Minorities look at terrorist attacks

Sherkiya Wedgeworth

When Vernon Hall returns home to Jersey City, N.J., he will be lost.

Hall, graduate student in educational leadership and policy studies and a New York native, said he has a view of the twin World Trade Center towers from his home and always used them as markers for directions.

“It will definitely be awkward when I get back,” Hall said.

A small group of African-American leaders on the ISU campus met to discuss the recent terrorist attacks and share how it affected them as minorities. The group met at the Black Cultural Center Friday evening for a program titled, “The Attack on America: How does it Affect American Minorities?”

The discussion opened with people sharing how their day started the morning of Tuesday, Sept. 11.

“I was at work when my supervisor came and told me the situation,” said Hall, who had a few personal ties with some of the victims of the attack. “I sat there and watched the second plane hit and thought about the man I remembered who shined shoes on the first floor and the man who owned the newspaper stand on Liberty and Church.”

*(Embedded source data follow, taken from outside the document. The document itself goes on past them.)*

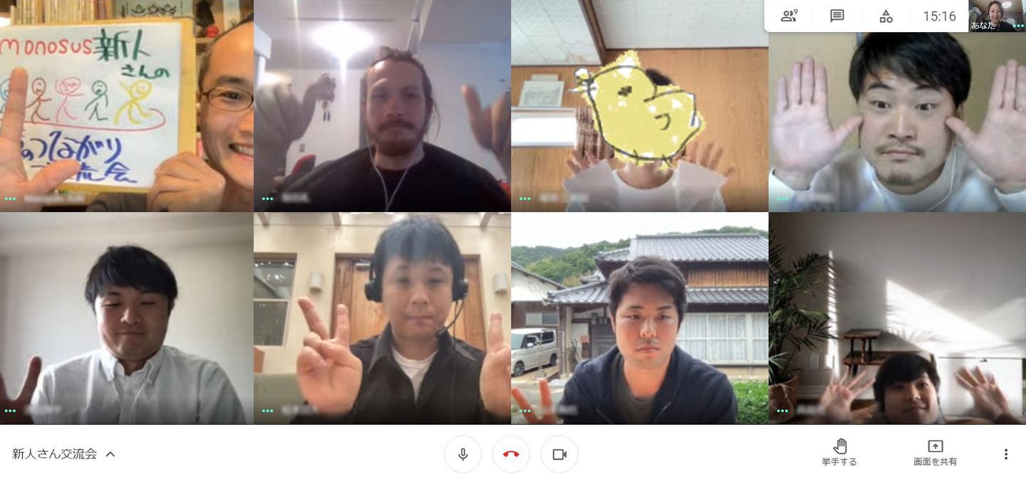 始めは恥ずかしがっていたのですが、そのうちお互いにニックネームで呼び合うように。最後に画面のキャプチャを撮ったのですが、皆にこにこして、楽しんでいる様子がうかがえました。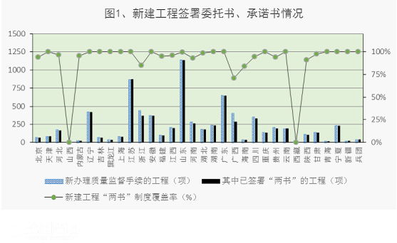2015年2月,全國(guó)新辦理質(zhì)量監(jiān)督手續(xù)的工程共7302項(xiàng),其中已簽署法定代表人授權(quán)書(shū)、工程質(zhì)量終身責(zé)任承諾書(shū)的工程有7023項(xiàng),覆蓋率達(dá)96.18%,較1月份上漲約8個(gè)百分點(diǎn),江蘇、廣東、遼寧等14個(gè)省、自治區(qū)、直轄市和新疆生產(chǎn)建設(shè)兵團(tuán)覆蓋率達(dá)100%。此外,全國(guó)共有15370項(xiàng)已經(jīng)開(kāi)工、正在建設(shè)的工程補(bǔ)簽了法定代表人授權(quán)書(shū)和工程質(zhì)量終身責(zé)任承諾書(shū)。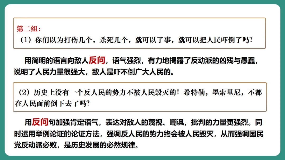 “千百万个”以夸张修辞揭示反动派的愚蠢和历史的必然规律,语气充满嘲讽与警告。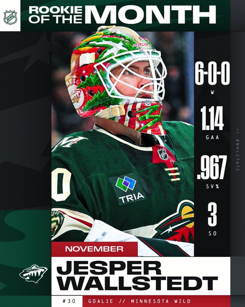 🌲 Йеспер Валльшедт вчера был назван лучшим новичком ноября, а сегодня одержал пятую "сухую" победу в 15 стартах в карьере Быстрее шведа только Фрэнк Браймсек добирался до 5 шатаутов со старта карьеры: в 1938 году ему понадобилось 9 игр. В текущем сезоне у Валльшедта 10 игр, 4 из которых завершились без пропущенных шайб. @pro_nhl_ru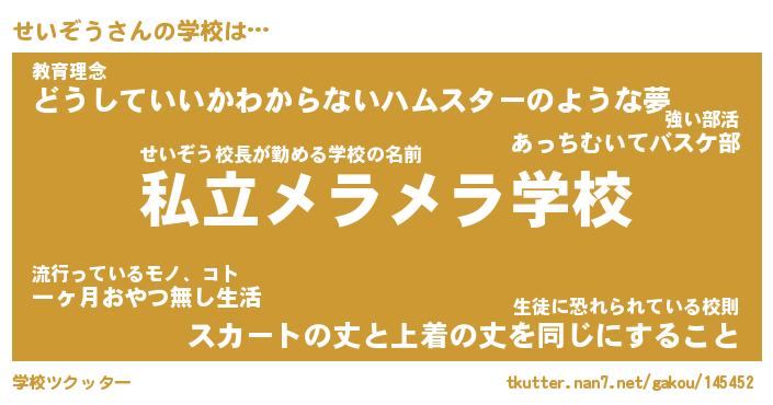 | ヒーロー風カッコイイあだ名 | 『スーパーセイゾウ』『炎刃騎士セイ』 |

Japannah Kellogg, minority liaison officer for the College of Liberal Arts and Sciences, had a bit more distant memory.

“The biggest news that was going on when I left my house that morning was Michael Jordan’s press conference,” Kellogg said. “When I got to work they were watching [the attacks] on TV.”

Karen Webb, program coordinator for Minority Student Affairs, said she was in a meeting when it happened, and was irritated by the people who wanted to continue the meeting thinking they weren’t affected.

Frederick Cashaw, a graduate student in community and regional planning, who just returned from the military, said many Americans don’t think they were affected.

“They don’t understand,” he said. “They hit civilians. Now we, as Americans, have to ask the question – what do we do as citizens to prepare ourselves for what is going to happen next?”

Meisha Colbert, sophomore in pre-advertising, said expressing how this affected American minorities is difficult.

“It’s not about African-American, Asian-American, European-American or anyone else,” Colbert said. “This affected Americans – all of us. It brought us together.”

Many students are looking ahead to how the nation will respond to the terrorist attacks.

Karli Rainey, graduate student in educational leadership and policy studies, said war is not the answer.

“We can’t just go over there and start killing people,” Rainey said.

“The only people we’re going to be killing are the innocent people who are already in poverty, not the terrorists.”

Robert Price, senior in management information systems and president of the Black Student Alliance, said if the United States doesn’t attack, the terrorists have won.

While the topic of war was debatable, all agreed the main concern was the amount of hate that is going around.

“OK, I’m going to ask a dumb question here,” Webb said. “Why are they so mad at us?”

Hate was the only answer anyone could give Webb.

“When people can’t think of a solution, they hate,” Colbert said.

Webb said she has been forwarded hateful and racist e-mail.

“But no matter what I see on TV or read in e-mail,” she said, “I can’t make myself hate.”